Tractability from overparametrization: The example of the negative perceptron

In the negative perceptron problem we are given $n$ data points $({\boldsymbol x}_i,y_i)$, where ${\boldsymbol x}_i$ is a $d$-dimensional vector and $y_i\in\{+1,-1\}$ is a binary label. The data are not linearly separable and hence we content ourselves to find a linear classifier with the largest possible \emph{negative} margin. In other words, we want to find a unit norm vector ${\boldsymbol \theta}$ that maximizes $\min_{i\le n}y_i\langle {\boldsymbol \theta},{\boldsymbol x}_i\rangle$. This is a non-convex optimization problem (it is equivalent to finding a maximum norm vector in a polytope), and we study its typical properties under two random models for the data. We consider the proportional asymptotics in which $n,d\to \infty$ with $n/d\to\delta$, and prove upper and lower bounds on the maximum margin $\kappa_{\text{s}}(\delta)$ or -- equivalently -- on its inverse function $\delta_{\text{s}}(\kappa)$. In other words, $\delta_{\text{s}}(\kappa)$ is the overparametrization threshold: for $n/d\le \delta_{\text{s}}(\kappa)-\varepsilon$ a classifier achieving vanishing training error exists with high probability, while for $n/d\ge \delta_{\text{s}}(\kappa)+\varepsilon$ it does not. Our bounds on $\delta_{\text{s}}(\kappa)$ match to the leading order as $\kappa\to -\infty$. We then analyze a linear programming algorithm to find a solution, and characterize the corresponding threshold $\delta_{\text{lin}}(\kappa)$. We observe a gap between the interpolation threshold $\delta_{\text{s}}(\kappa)$ and the linear programming threshold $\delta_{\text{lin}}(\kappa)$, raising the question of the behavior of other algorithms.

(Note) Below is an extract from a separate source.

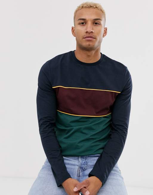 ASOS DESIGN long sleeve t-shirt with colour block in navy
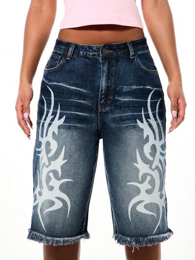SUMWON WOMEN Jeansshorts mit Print und ausgefranstem Saum

翻译：在负感知机问题中，我们给定 $n$ 个数据点 $({\boldsymbol x}_i,y_i)$，其中 ${\boldsymbol x}_i$ 是 $d$ 维向量，$y_i\in\{+1,-1\}$ 是二元标签。由于数据并非线性可分离，我们退而求其次，寻找具有最大可能 \emph{负}间隔的线性分类器。换言之，我们希望找到单位范数向量 ${\boldsymbol \theta}$，使得 $\min_{i\le n}y_i\langle {\boldsymbol \theta},{\boldsymbol x}_i\rangle$ 最大化。这是一个非凸优化问题（等价于在多面体中寻找最大范数向量），我们在两种随机数据模型下研究其典型性质。考虑 $n,d\to \infty$ 且 $n/d\to\delta$ 的比例渐近情形，并证明最大间隔 $\kappa_{\text{s}}(\delta)$ 的上界和下界——等价地，其反函数 $\delta_{\text{s}}(\kappa)$ 的界限。换句话说，$\delta_{\text{s}}(\kappa)$ 是过参数化阈值：当 $n/d\le \delta_{\text{s}}(\kappa)-\varepsilon$ 时，高概率存在一个能达到零训练误差的分类器；而当 $n/d\ge \delta_{\text{s}}(\kappa)+\varepsilon$ 时则不存在。我们对 $\delta_{\text{s}}(\kappa)$ 的界限在 $\kappa\to -\infty$ 时达到主阶一致。随后，我们分析了一种线性规划算法以求解该问题，并刻画了相应的阈值 $\delta_{\text{lin}}(\kappa)$。我们观察到插值阈值 $\delta_{\text{s}}(\kappa)$ 与线性规划阈值 $\delta_{\text{lin}}(\kappa)$ 之间存在差距，这引出了其他算法行为的问题。